“And, therefore, would scorn me.”

“Try her,” said the doctor, drily. “Her father and mother, as I know, married on a ten-pound note. But if I am wrong again, I must adopt the popular view in Thrums. It is a Glasgow lady after all? Man, you needn’t look indignant at hearing that the people are discussing your intended. You can no more stop it than a doctor’s orders could keep Lang Tammas out of 182 church. They have discovered that she sends you flowers twice every week.”

“They never reach me,” answered Gavin, then remembered the holly and winced.

“Some,” persisted the relentless doctor, “even speak of your having been seen together; but of course, if she is a Glasgow lady, that is a mistake.”

“Where did they see us?” asked Gavin, with a sudden trouble in his throat.

“You are shaking,” said the doctor, keenly, “like a medical student at his first operation. But as for the story that you and the lady have been seen together, I can guess how it arose.

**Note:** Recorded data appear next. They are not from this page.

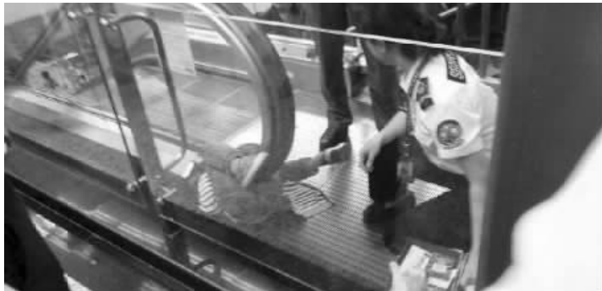
孩子被卡现场

记者了解到,目前轨道集团正配合公安、安监、质监等部门对事件进行调查,对死者家属进行安抚和慰问。轨道集团同时呼吁乘客,出行时一定要照顾好老人和小孩,以免发生意外。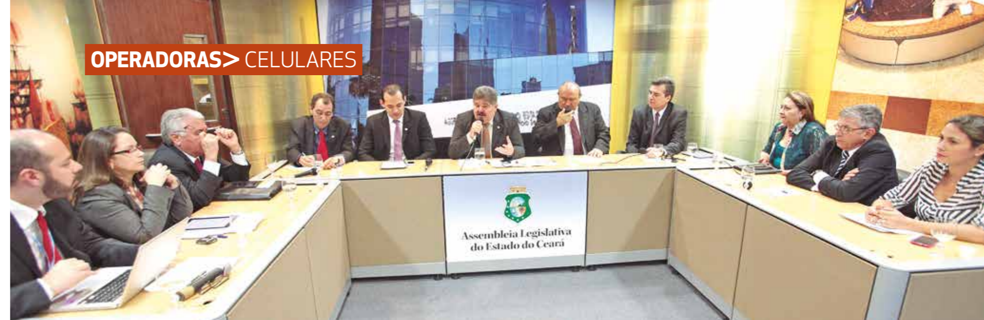
>> CPI da Telefonia Móvel em reunião que recebeu o representante da Anatel.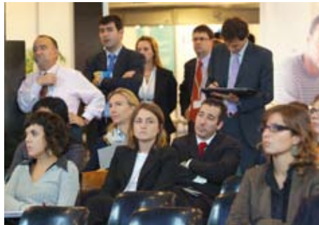
Los visitantes especializados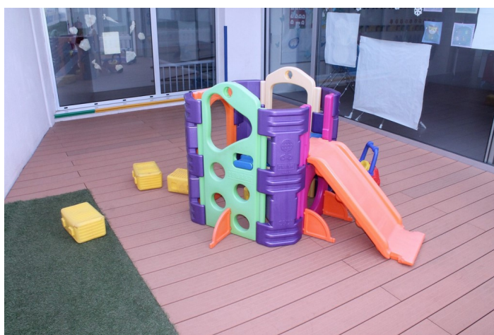
Zona juego en el exterior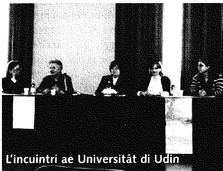
L'incuintri ae Università di Udin

Meti in vore une politiche linguistiche organiche nol è dal sigûr facil, si cjatin une vore di intops, sedi a nivel locâl che statâl. Po dopo il fat che la Cort costituzionâl no si sei ancjemò esprime in riferiment ai ponts impugnâts de leç regionâl 29 dal 2007 dal sigûr nol jude, anzit al pâr vè fermât dut intune sorte di limbo. L'impegno e la buine volontât dai operadôrs di setôr dal sigûr no mancin, la sperance e je che si rivedi in curt a un lôr ricognossiment uficiâl di bande des istituzions.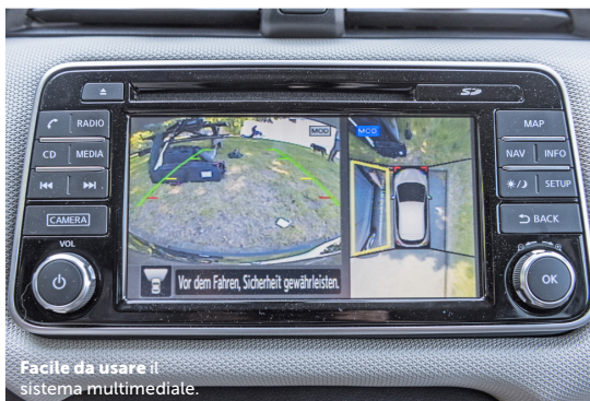
Facile da usare il sistema multimediale.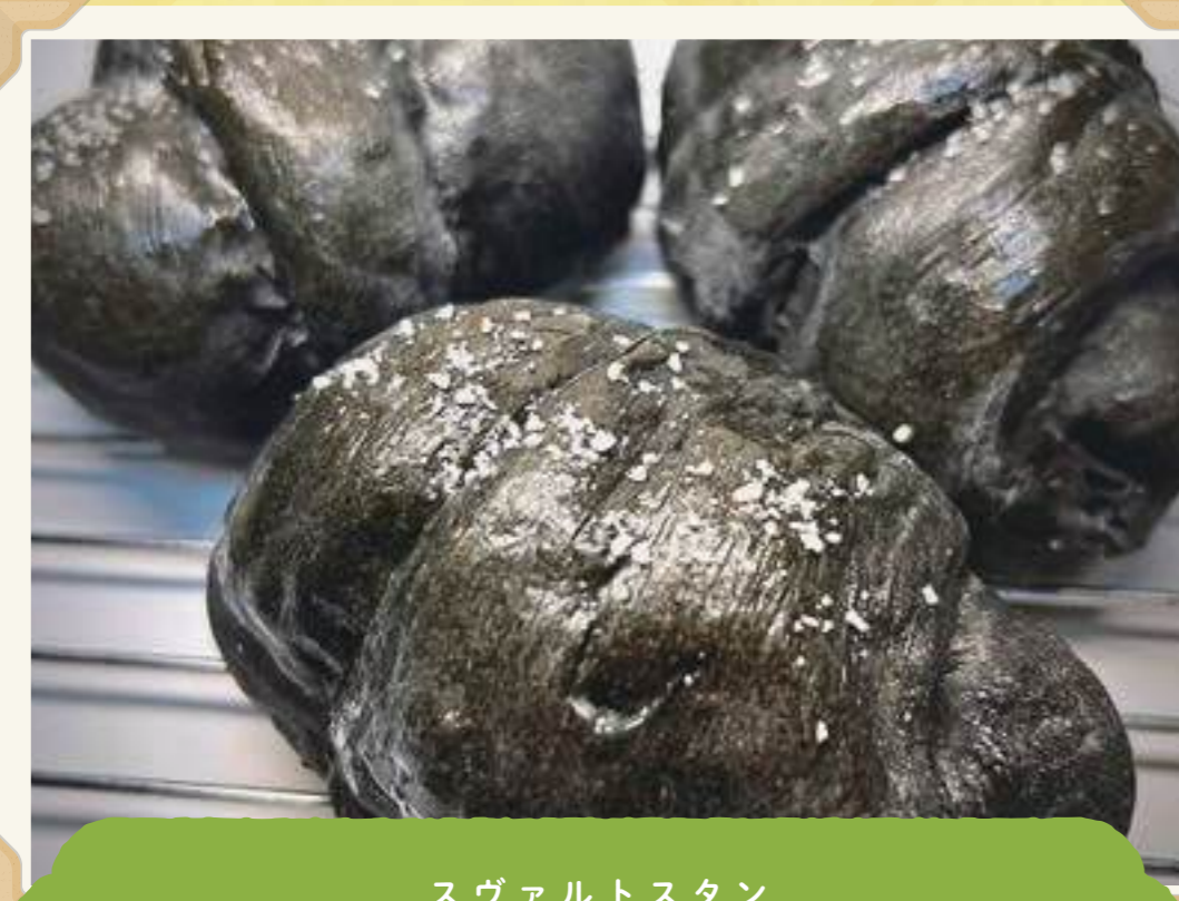
スヴァルトスタン Svart Stang

パンから自家製のバインミー研究家のお店。イチ押し「豚焼肉のバインミー」は、ベトナムの調味料で味付けし、豚焼肉とオリジナルのなますの酸味がクセになる美味しさ!

Do you remember that gypsy girl?”

The doctor had begun by addressing the fire, but he suddenly wheeled round and fired his question in the minister’s face. Gavin, however, did not even blink.

“Why should I have forgotten her?” he replied, coolly.

“Oh, in the stress of other occupations. But it was your getting the money from her at the Kaims for Nanny that I was to speak of. Absurd though it seems, I think some dotard must have seen you and her at the Kaims, and mistaken her for the lady.”

McQueen flung himself back in his chair to enjoy this joke.